Over the years, I’ve managed to be able to put bad results behind me pretty quickly. This is something that’s taken time and now a loss doesn’t necessarily mean my whole weekend’s ruined, like it used to. I think writing for an Arsenal website also helps because it means I’m forced to process everything about the match instantly. I can’t hide away from it and with that I’m able to vent and move on.
I’m also usually quite good at finding a positive in even the biggest pile of… Although I would say I’m still realistic, I’m rarely all doom and gloom.
Sunday was different. For some reason, that 1-0 loss at home to the Blues really hit me in the gut. I was raging after the match. Usually my dad will call me and we’ll have some jovial banter about how terrible Arsenal performed. However, this time, I didn’t want to talk about it. I was too bitter and just wanted a beer and to go to bed.
I’ve since been able to process my anger towards it and I reckon it’s mainly because it was too predictable. We talk the talk when it comes to overcoming mental blocks but when it comes to walking the walk against Chelsea, we rarely come through.
Another reason I was so angry is because the majority of my football-supporting friends from my old town are Chelsea fans and seeing gloating coming from a group of people who have been deafeningly silent so far this season really got my back up.
Fortunately, my rage over the Chelsea result was a rare occurrence but for many others it isn’t. So often I’ll see people tweet about the result ruining their week and some are genuinely distraught over a loss or even a draw. Of course, on the flip side, a good results can have you walking on air for the next few days, which is great but is it really healthy to allow something that’s supposed to be enjoyable affect you so harshly?
Some will argue that the lows make the highs even sweeter and I agree to a degree but I also think that it’s useful to take a step back once in a while.

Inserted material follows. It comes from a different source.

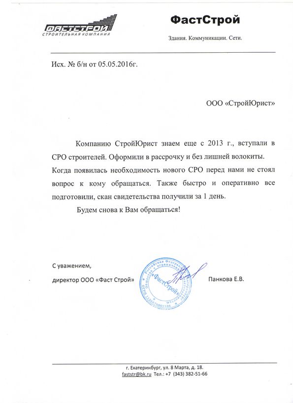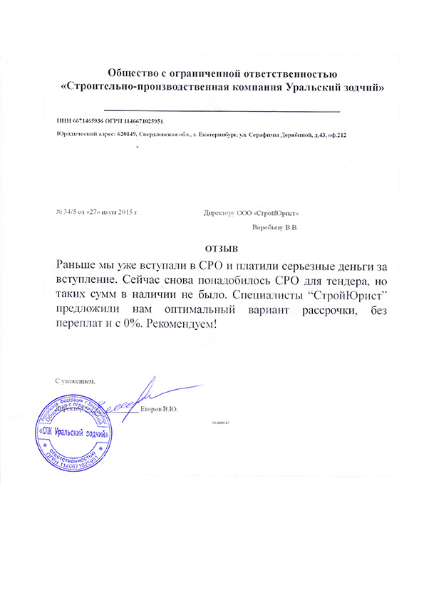 Отзывы клиентов "СтройЮрист" по вступлению в СРО в Жуковском
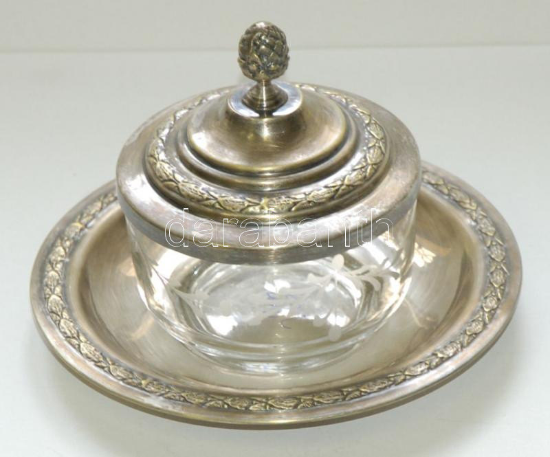 Beschreibung: Ezüstözött cukorkás üvegtál fém tányérral

For some, football is a form of escapism, just like others read books or play computer games to get away from reality, or, of course, simply because they enjoy it, but when you begin to use something that’s supposed to be fun as a crutch, you run the risk of said crutch being taken away.

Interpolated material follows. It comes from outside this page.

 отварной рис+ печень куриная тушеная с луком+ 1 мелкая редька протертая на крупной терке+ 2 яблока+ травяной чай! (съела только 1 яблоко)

As someone who’s suffered from both depression and anxiety for a very long time, it became all too easy for me to immerse myself in football to escape the dark cloud that fogged up my brain. Instead of dealing with many of the issues in my life, I’d watch player interviews or match highlights. It was great, it made me happy and, without trying to sound too blunt, it stopped me from wanting to die.
But this meant that when we lost, I felt it like a physical pain. I’d find it impossible to sleep and when I could, I’d intermittently wake up and get that sinking feeling in the pit of my stomach all over again. I’d avoid all social media and try to forget the game even happened.

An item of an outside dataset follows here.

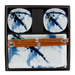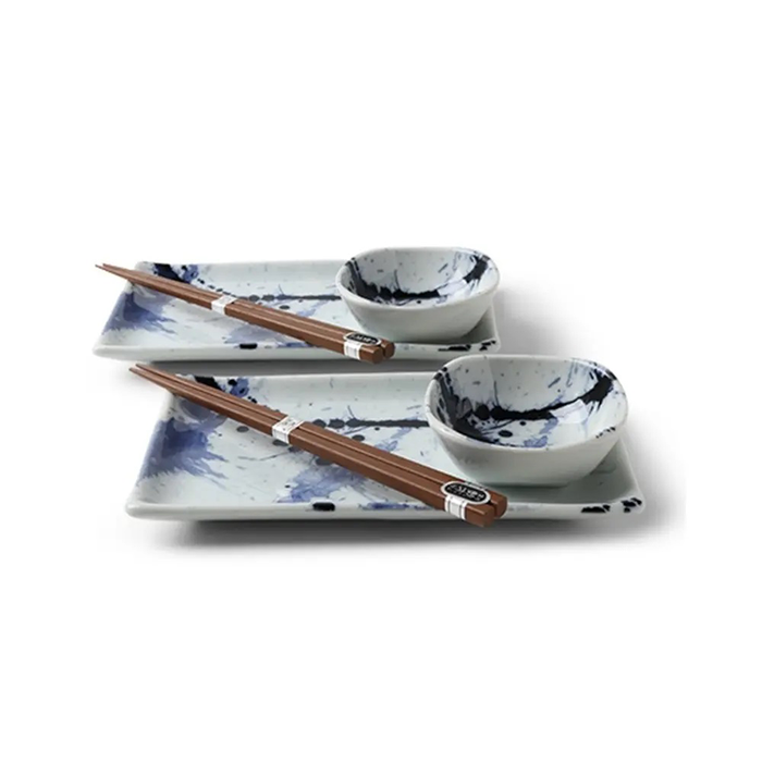 Why not create that restaurant atmosphere at home? Turn take-out food into dine-in food with the Blue Sumi Sushi for 2 Set. Blue glazes are artistically splattered, creating a beautiful pattern that you will love even on the bluest days. The Blue Sumi Sushi Set includes two 8.75" x 5" rectangular plates, two sauce dishes, and two pairs of chopsticks complete a cozy table setting for two. Also makes a nice candle/soap dish set. Packaged in a gift box making it is perfect as a housewarming, hostess, or wedding gift. Made in Japan.

Fortunately, as I said, this is something I’ve dealt with over time and I realise for many, what I’m saying may sound a little foolish. As I pointed out, writing for an Arsenal website actually feels very cathartic after a loss.
I’d encourage anyone to do the same if they’re finding themselves becoming too bogged down with anything, not just football. Taking a step back, venting and then moving on when something goes wrong is a lot easier said than done, but a lot healthier than letting it fester.